Activist Praises Bernanke

The Record ( — Thursday, March 6, 2008


A prominent New Jersey community activist on Wednesday cheered Federal Reserve Chairman Ben Bernanke's recent comments suggesting that bankers reduce principal amounts on problem loans to avoid foreclosures.

But she wishes he would go further.

"Its great to have a chairman of the Federal Reserve who acknowledges the problem, but what is needed is a mandate," said Phyllis Salowe-Kaye, executive director of New Jersey Citizen Action, the state's largest consumer watchdog.

"Instead of urging, he should be demanding," said Salowe-Kaye. She is backing proposed state legislation to be introduced next week that would require loan servicers to publicly disclose information on the outcomes of their loan-loss mitigation programs.

Citizen Action provides counseling to homeowners in financial distress.

Bernanke on Tuesday added his influential voice to a growing chorus of consumer advocates and lawmakers calling for the mortgage lending industry to take more drastic action to stem a rising tide of home-loan foreclosures, including cutting principal amounts of loans to reflect declines in property values and boost homeowners' equity.

Bernanke said in a speech in Orlando to members of the Independent Community Bankers that the foreclosure situation calls for "a vigorous response."

"When the mortgage is 'under water' [the amount owed exceeds the market value of the home], a reduction in principal may increase the expected payoff by reducing the risk of default and foreclosure," he said.

Bernanke acknowledged that lenders are resistant to the notion of reducing principal amounts because it would put the value of their loan portfolios more at the mercy of real estate price fluctuations.

In 2007, the financial services industry wrote down more than $159 billion related to losses in credit and lending portfolios.

"We think it makes sense to look at anything that will help keep people in their homes," said Tom Kelly, spokesman for JPMorgan Chase & Co.

He added that the New York-based bank already practices principal reductions on a "very limited basis."

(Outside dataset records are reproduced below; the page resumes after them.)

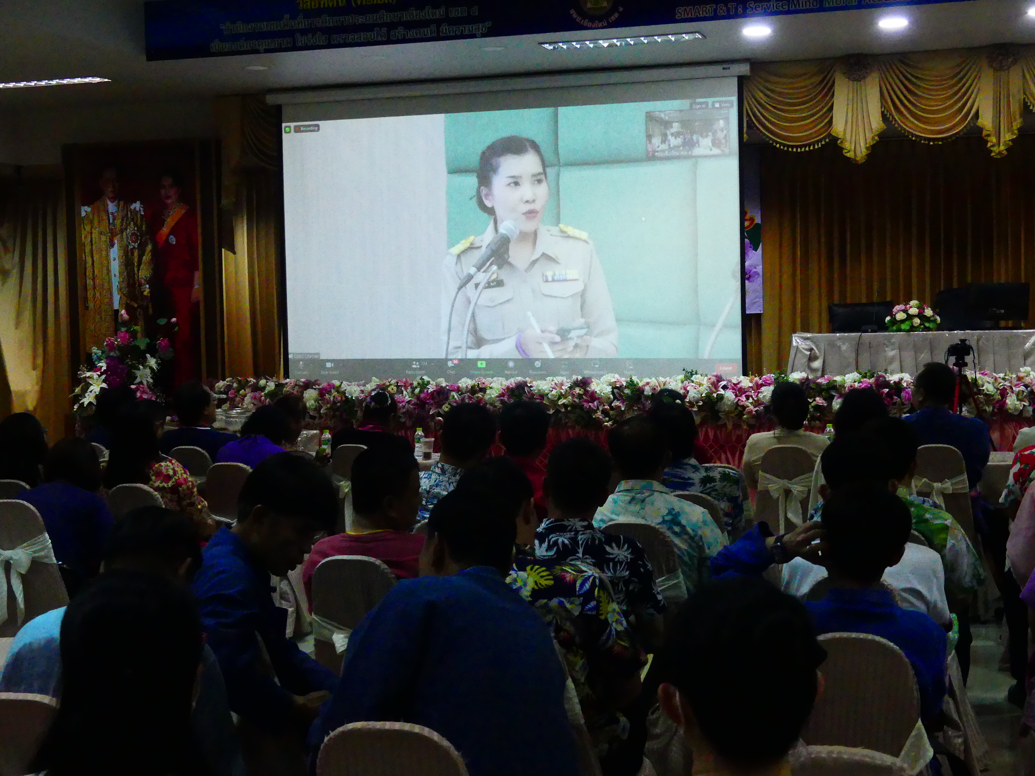 วันที่ ๒๓ เมษายน ๒๕๖๗ ดร.ชาญชิต ทัพหมี ผู้อำนวยการ สพป.เชียงใหม่ เขต ๔ นำคณะรองผู้อำนวยการสำนักงานเขตพื้นที่การศึกษา ผู้อำนวยการกลุ่ม ผู้บริหารสถานศึกษาข้าราชการครูและบุคลากรทางการศึกษา ในสังกัด เข้าร่วมประชุมการเตรียมความพร้อม และรับมอบนโยบายก่อนเปิดภาคเรียน ปีการศึกษา 2567 โดยพลตำรวจเอกเพิ่มพูน ชิดชอบ รัฐมนตรีว่าการกระทรวงศึกษาธิการ เป็นประธานการประชุม ผ่านระบบ Video Conference ณ ห้องประชุมสันป่าตอง สพป.เชียงใหม่ เขต 4
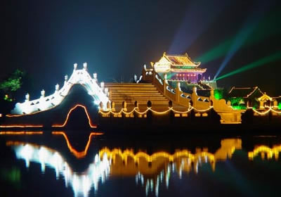 開封是中國六大古都之一,作為北宋王朝的都城達(dá)167年之久。當(dāng)時(shí)的宋京極為繁盛,宮殿建筑很輝煌。可惜金人侵占開封時(shí),宋皇宮建筑大部分被燒毀了。后來,又經(jīng)過多次兵燹和黃河決堤,宏偉的宮室已蕩然無存。在過去皇宮遺址上只留下了龍亭公園這座的建筑物,而這座龍亭公園卻是清代所建。龍亭公園坐北朝南,高踞在臺(tái)基之上。從地面到大殿有72級(jí)臺(tái)階。臺(tái)階中間是雕有云龍圖案的石階。登上平臺(tái),四周有石欄圍繞。大殿是木結(jié)構(gòu),重檐歇山式建筑,很壯觀。游人登上平臺(tái),入殿觀看陳列的文物后,多在石欄前眺望開封古城景色。龍亭公園前有一條筆直的大道,道旁有兩個(gè)東西對(duì)峙的湖,東為潘湖,西為楊湖。傳說,東湖為宋朝“太師”潘美的府第,他陷害忠良,是個(gè)奸臣,宅院里的湖,水是渾的;西湖為宋朝搞遼名將楊業(yè)的府第,他舍身救國,是個(gè)忠臣,宅院里的湖,水是清的。這個(gè)說法沒有科學(xué)根據(jù),但反映了人們對(duì)忠奸的態(tài)度和感情,F(xiàn)在龍亭公園,潘、楊兩湖,以及龍亭公園后面的假山花園,都辟為龍亭公園公園。從龍亭公園前的大道,過潘、楊兩湖,再往南,仍是一條筆直的大道,兩旁店鋪林立,這條大道歷史上是一條寬闊的御道。
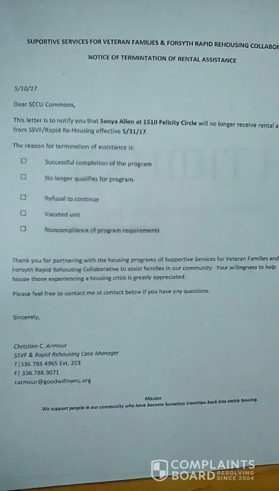 My family was in Rapid Re-Housing in Winston-Salem N.C. We was at the Salvation Army Center of Hope. Christian Armor was my case manager. I got a place at SECU Commons. Christian ended my assistance. I have found through a Justice Department statement that I was only being talked about in conversation between Christian and my landlord. Resulting into my family having a money judgement put against me and being evicted. We are homeless again. No room at shelters in Winston-Salem so we had to drive to Davie County just to seek shelter. I'm feeling overwhelmed that my family has become victim to this system that was intended for homeless prevention. My children or anyone esle children deserve this.
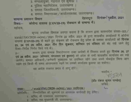उत्तराखंड : अब सरकारी कार्यालय बुधवार तक रहेंगे बन्द , आदेश जारी
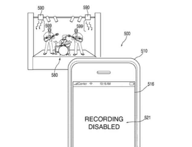 根據專利文件,Apple 舉例一隊樂隊在表演時,手機屏幕會出現「禁止攝錄」的畫面。不少歌手例如 Adele 和 Jack White 都曾經對觀眾在演唱會拍攝表達不滿,今次 Apple 的專利除了保障歌手和演唱會主辦商的版權,同時亦令觀眾可以在演唱會時更投入,避免分心。

James Silkensen, president of the 71-member New Jersey League of Community Bankers, said Wednesday that the group has not yet taken a position on the issue.

"It could possibly come up at the next board meeting at the end of March," he said. "I don't see much impact on community banks who wrote their loans soundly."

Loan servicers and others have been reaching out to borrowers in financial distress to try to keep them in their homes by negotiating payment catch-up plans, modifying the interest rate, or refinancing into more affordable loans.

If they lack sufficient equity in the home, they cannot qualify for refinancing.

So refinancing and loan modifications "are not happening at a huge pace," said Salowe-Kaye.

This article contains material from The Associated Press.